We think better depth filter performance can be achieved with considering more occlusion conditions of a tile. Therefore, in this paper, we propose an algorithm, Adaptive Tile Depth Filter (ATDF), to reduce the depth buffer bandwidth for low power graphics systems. It can classify the fragments into four categories, occluded, non-occluded, first-drawn, and uncertain in the beginning stage of the rendering pipeline. If a fragment is found to be occluded, this fragment will be rejected from the pipeline to save redundant operation power and memory bandwidth. For a non-occluded or first-drawn



Fig. 1. Illustration of (a) conventional rendering pipeline and (b) rendering pipeline with ATDF.

fragment, the depth buffer test will be ignored to save the ZR bandwidth. In addition to save memory accesses during depth test, the bandwidth for clearing memory in the initialization stage can also be prevented with considering the first-drawn situation as HyperZ system does [3]. Finally, if the category of a fragment is uncertain, it means the ATDF fails to classify the fragment, and all the rendering operations will be performed in the render pipeline.
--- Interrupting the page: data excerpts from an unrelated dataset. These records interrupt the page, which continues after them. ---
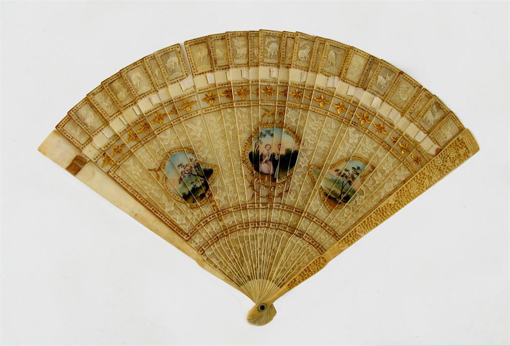 A Chinese ivory brisé fan, painted with three panels, one containing figures, the others landscapes, and finely carved with flowers and various animals, heightened with gilt, 19th century, damages.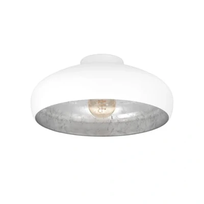 Timelessly beautiful ceiling lamp Mogano with silver interiorWith its diameter 40 cm large, half-shell-shaped metal lampshade, the ceiling lamp Mogano is ideal as basic lighting of many premises. Due to the silver-colored interior of the otherwise white shade, the light is wonderfully amplified scattered into the environment. Due to the simple and timeless design, the lamp harmonizes with many interior styles and also color concepts. In the existing E27 socket can be screwed all kinds of bulbs up to max. 60 W, so that it can be operated, among other things, with energy-efficient LED bulbs.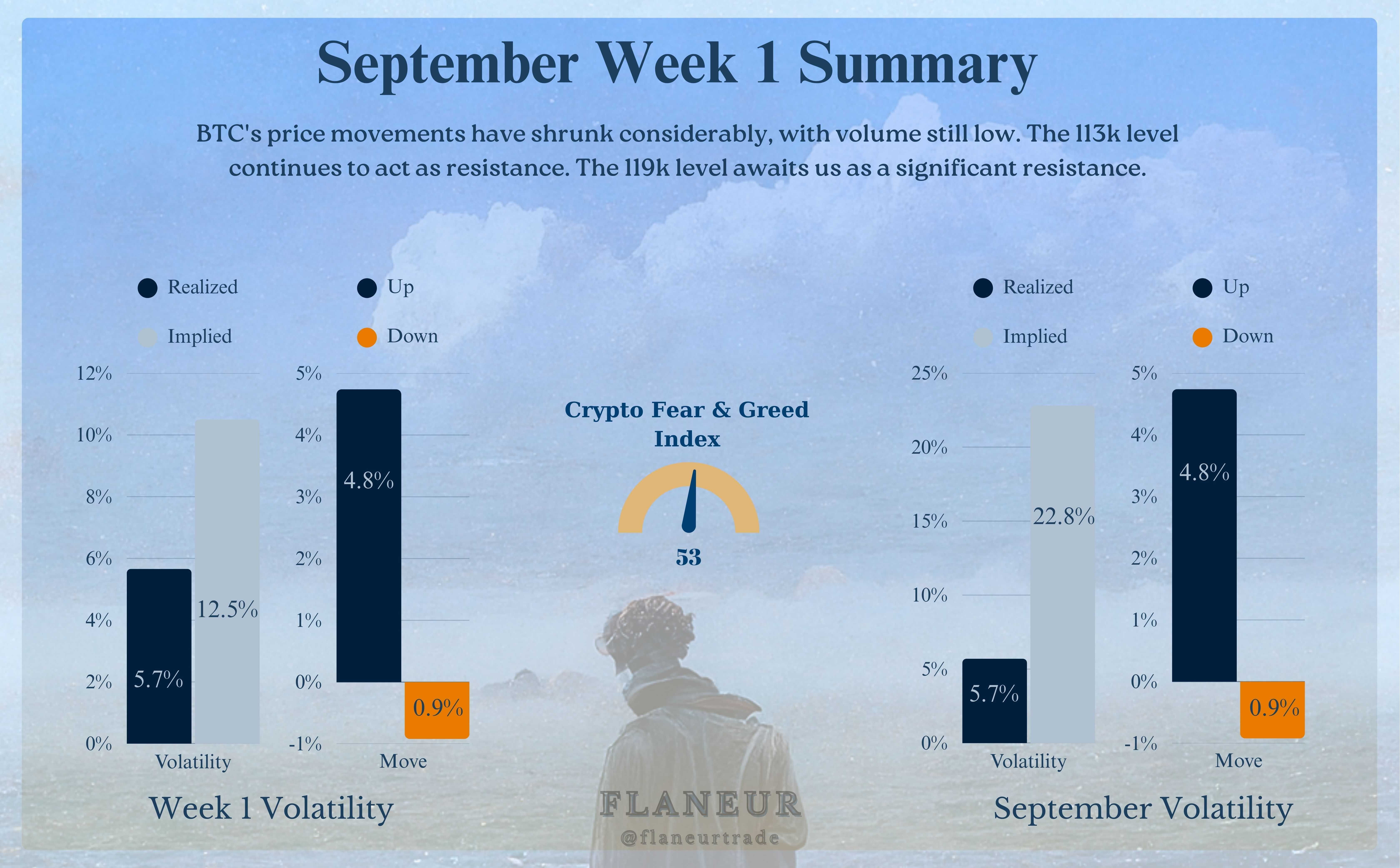 九月的第二週有望成爲定向設置周。BTC正在挑戰$113,000的堡壘,但極高的每週看跌/看漲比率顯示出這一堡壘受到了多麼強烈的防守。ETH在未突破自身關鍵阻力的情況下,正在努力伴隨BTC。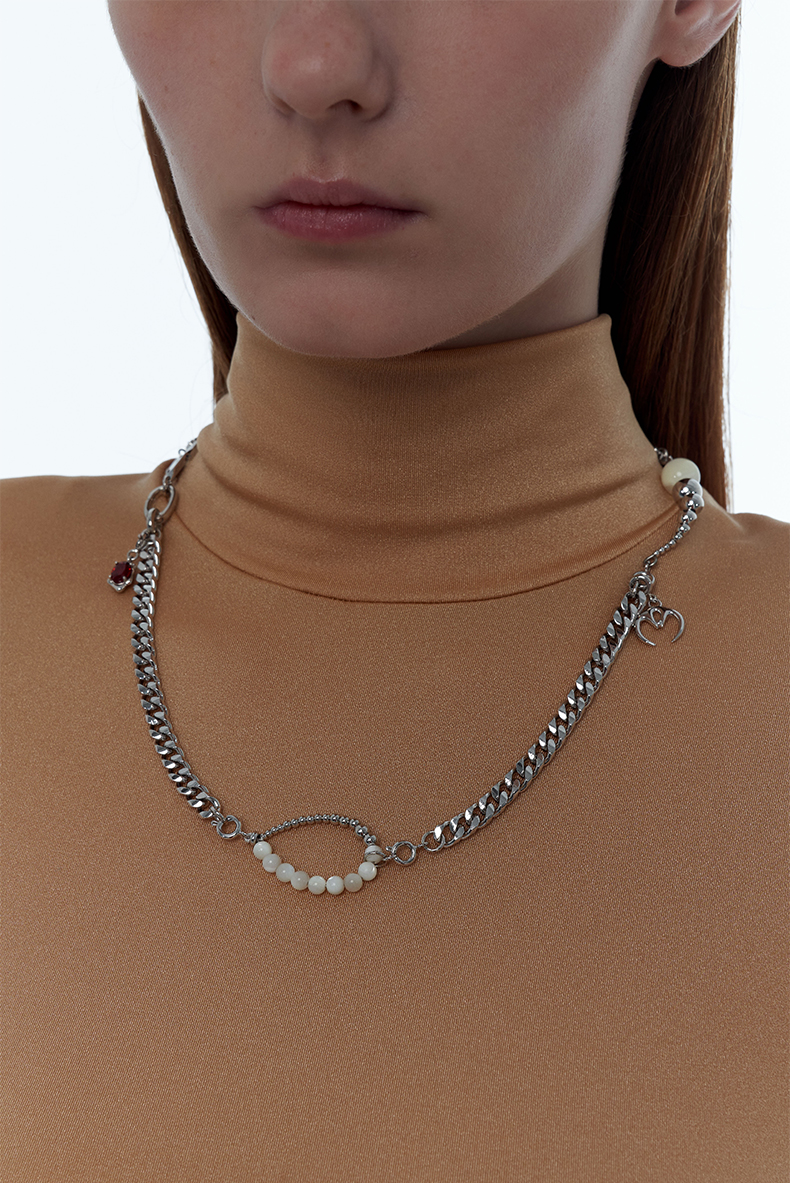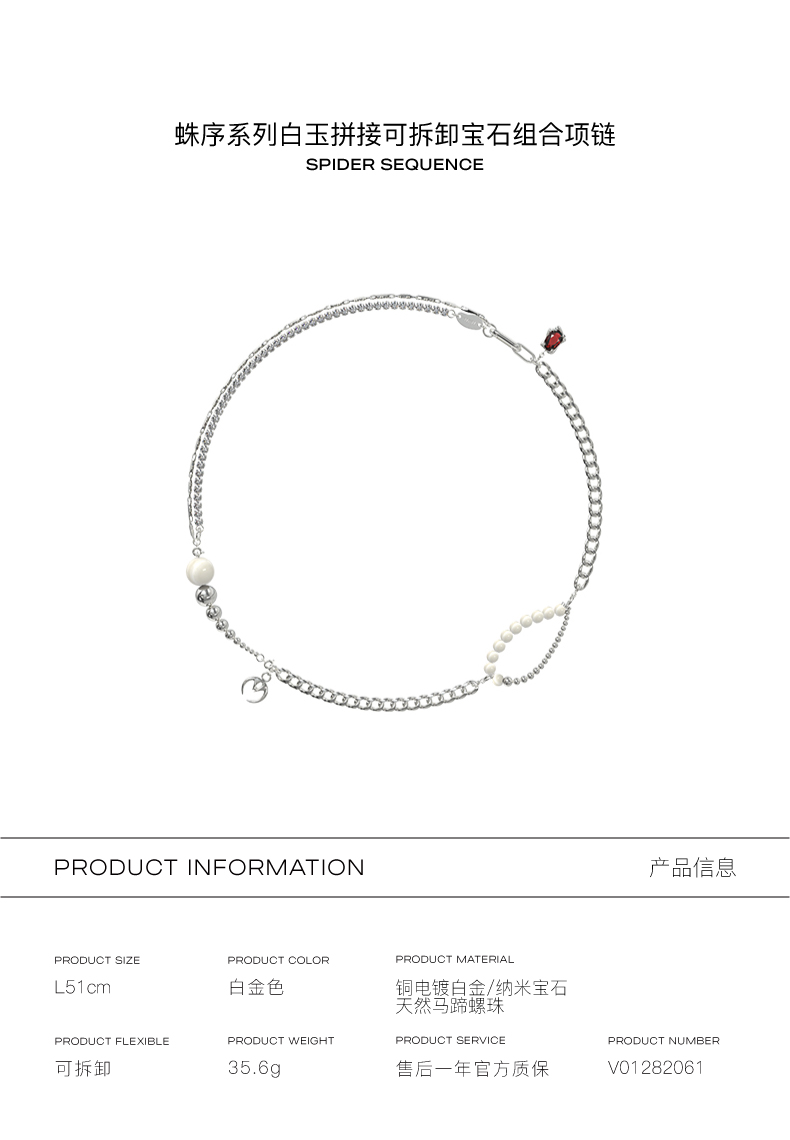 KVK2021新款白玉拼接可拆卸宝石组合项链女生配饰原创设计礼物

The organization of this paper is as follows. The proposed algorithm is described in Sec. II. Next, in Sec. III, the experimental results will be shown. Finally, a short conclusion is given in Sec. IV.

# II. ADAPTIVE TILE DEPTH FILTER

A simplified conventional rendering pipeline can be illustrated in Fig. 1(a), while Fig. 1(b) shows the rendering pipeline with ATDF. In Fig. 1(b), for the normal graphic scene without alpha test, stencil test, or texture transparency, Z-Buffer test can be performed before texturing (Z Test Front); otherwise, the Z-Buffer test after texturing (Z Test Back) should be performed. In the normal scene with Z Test Front, the memory bandwidth can be described as [1]:

$$M = \alpha \times ZR + \beta \times ZR + \beta \times (ZW + CR + CW + TR), \qquad (1)$$

where  $\alpha$  is the number of the occluded fragments, and  $\beta$  is the number for the non-occluded fragments. On the other hand, for the scenes requiring Z Test Back, the memory bandwidth will be changed to:

$$M = \alpha \times (ZR + TR) + \beta \times ZR + \beta \times (ZW + CR + CW + TR).$$
(2)

The  $Z_{max}$  and DF algorithms could avoid the  $\alpha \times ZR$  or  $\alpha \times (ZR + TR)$  cost in terms of memory bandwidth, while the  $Z_{min}$  algorithm could avoid the  $\beta \times ZR$  cost. ATDF provides the better filter rate to avoid the redundant memory bandwidth of both occluded and non-occluded fragments by use of both  $Z_{max}$  and  $Z_{min}$  concepts. In addition, with

two new techniques, coverage mask and adaptive tile mode, the depth filter performance can be further improved. The details of the proposed algorithm will be described in the next subsections.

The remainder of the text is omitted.